WebNovels

Chapter 19 - Custody

Daylight hit him clean, and it belonged to the service court. Heat lay over the asphalt, the black sedan waited mid-lane, and Detective Stone stood with his palms up at shoulder height like a man reassuring a spooked horse. Brooks had angled off to his right, weight on the balls of her feet, sunglasses lifted so her eyes could do the math. Ms. Parker's tote sat open on gravel, papers huddled inside like they didn't like wind.

He didn't run. He didn't posture. He stepped forward exactly one pace and let his empty hands be visible.

"Mr. White," Stone said, steady. "Welcome back."

Brooks's pupils ticked over his shirt, his hands, his pockets, his stance, then to his face. "Status."

"Vertical," Caleb said. "No holes."

A breath of silence. The day pretended to be ordinary.

[EXIT COMPLETE][ITEM CONTROL: VERIFIED]

Stone didn't look at the text. His gaze cut to Caleb's right pocket, where the rectangle sat like a law he hadn't voted for. "Station," the detective said. "Now."

"Okay," Caleb said.

Ms. Parker blinked. "Okay?"

"I'd prefer a chair and a table to a curb and a sunburn," he said.
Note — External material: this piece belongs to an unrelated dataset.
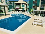 Apartamento em condomínio na quadra do mar, com sala de estar e jantar integradas com tv, wi-fi, 1 suíte e 1 dormitório com ar-condicionado, 1 banheiro social, cozinha e área de serviço.

Brooks frowned as if the answer were a little too easy. "Stipulations?"

"No touching," Caleb said. "And whoever drives does not surprise me."
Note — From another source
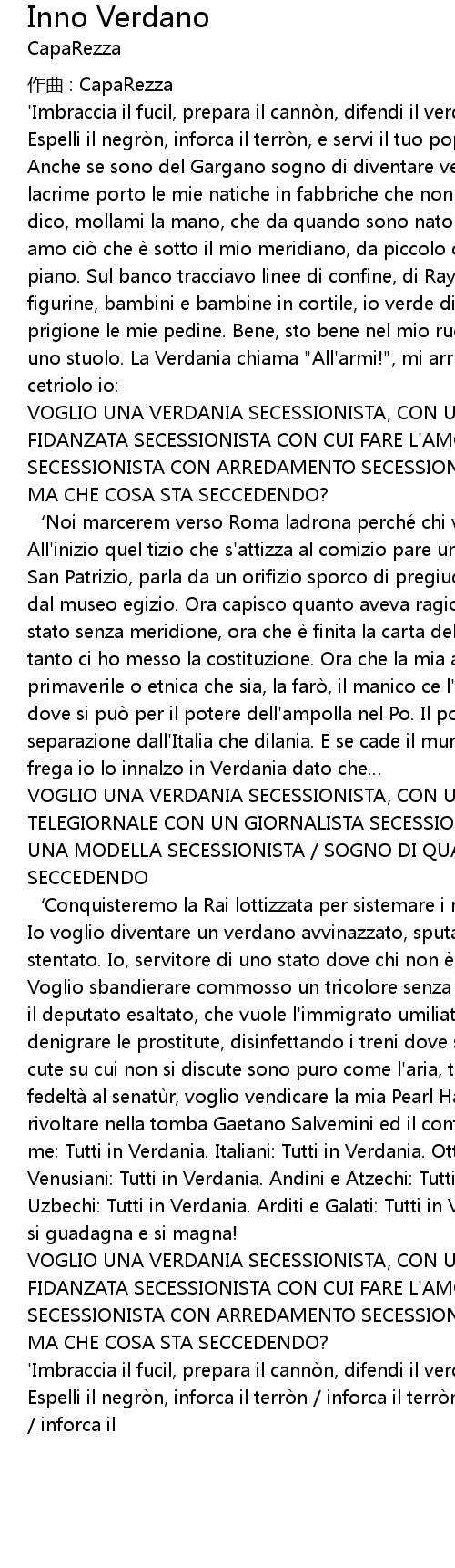 | Io voglio diventare un verdano avvinazzato, sputare parlando un italiano stentato. Io, servitore di uno stato dove chi non è come me viene discriminato. Voglio sbandierare commosso un tricolore senza bianco, né rosso. Voglio lodare il deputato esaltato, che vuole l' immigrato umiliato e percosso . Voglio denigrare le prostitute, disinfettando i treni dove sono sedute. Questione di cute su cui non si discute sono puro come l' aria, tutta salute. Voglio giurare fedeltà al senatù r, voglio vendicare la mia Pearl Harbour. Roba da fare rivoltare nella tomba Gaetano Salvemini ed il conte di Cavour. Allora fate come me: Tutti in Verdania. Italiani: Tutti in Verdania. Ottomani: Tutti in Verdania. Venusiani: Tutti in Verdania. Andini e Atzechi: Tutti in Verdania. Kazachi ed Uzbechi: Tutti in Verdania. Arditi e Galati: Tutti in Verdania, dove si lavora si guadagna e si magna! | |

"I never surprise anyone," Stone said.

"Disagree," Brooks said. "But I can drive."

Stone's mouth twitched. "Fine. Brooks drives. I ride with our guest. Ms. Parker—"

"I'm coming," she said, with the tone of someone who had already sat through the argument in her head.
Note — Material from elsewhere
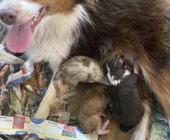 Bikini is a female Miniature Australian Shepherd almost 7 years old. Carefully selected as a great representative of her breed, Shannon decided to make her part of their program. Shannon has passed Good Dog’s screening process, which involved a review of their breeding practices, environment, and the mental and physical health of their dogs.

"You'll follow," Stone said. "Not a convoy, just… behind."

She nodded once, grateful to have been given a verb.

A golf cart whined somewhere beyond the parapet, then gave up, the sound swallowed by building angles. A gull angled through the slice of sky and mocked nobody in particular. The vending machine by the dock ticked as its compressor changed loyalties.

Caleb took two steps toward the passenger side of the sedan and stopped short of the door. "One thing," he said.

"Say it," Stone said.

"If the timer starts, I'm going to tell you. Then you're going to step back and let me do my job and not test folklore with bones."

"Sold," Stone said. "Do not vanish under my front seat."

"I'll aim for the tasteful middle."

Brooks snorted, already moving to the driver's door. She glanced at his hands again. "Palms."

He showed them. Clean. The rectangle was a weightless idea at his thigh.

Ms. Parker scooped her tote up like it needed rescuing. "If you get hungry," she said to no one, then caught herself and shook her head. "Sorry. Stupid."

"I'm always hungry," he said, just to give her a line.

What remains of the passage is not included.